This guide will show you how to parse HTML tables with Nokogiri.
Step 1: Parse the document
Use the Nokogiri::HTML
method to parse your HTML input:
require 'nokogiri'
document = Nokogiri::HTML(input)
Step 2: Select the target table element
If there is only one table in the document you can select it by the tag name:
table = document.at('table')
If there are a number of tables in the document you can instead use a CSS selector to identify a specific table by its id, or a class name:
table = document.at('#example-id')
table = document.at('.example-table-class')
Alternatively if the table does not have any distinguishing attributes you can select the table positionally, relative to other tables. For example:
tables = document.search('table')
table = tables.last # last table in the document
Step 3: Select the table cell elements
Use the Nokogiri #search method to select descendant table rows, and loop through each row. Then select the descendant table cells in each row. For example:
table.search('tr').each do |tr|
cells = tr.search('th, td')
# output cell data
end
Remember that headings can be specified using th
elements or td
elements. Depending on your project you may want to filter out the headings, or certain rows and columns.

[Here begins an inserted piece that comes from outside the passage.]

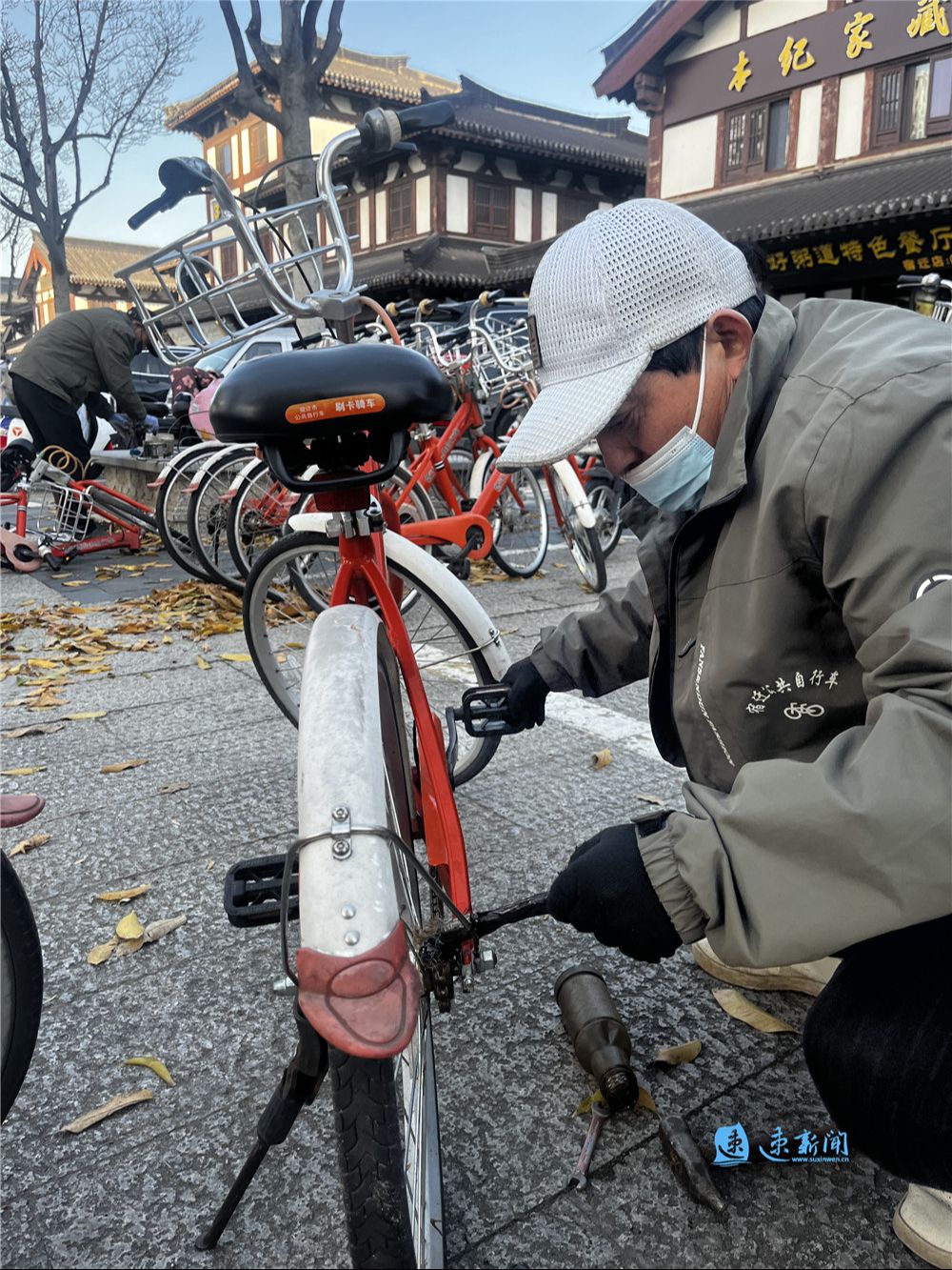 “這輛車的坐墊和車鏈都有問題,都要換新的。”11月29日上午,在市區(qū)項王故里景區(qū)附近的一個公共自行車站點,交通科技的工作人員正在為公共自行車進行保養(yǎng)、維修。

Step 4: Extract and output the cell data
Finally, you can extract and output the data from each cell. For example:
cells.each do |cell|
text = cell.text.strip
puts CSV.generate_line(cells)
end
In most cases the data of interest will be the cell text, but you might want to filter or add to the data based on the cell attributes. This example uses the String#strip method to remove any leading or trailing whitespace from the text, and the CSV.generate_line method to output the cell values as a line of CSV data.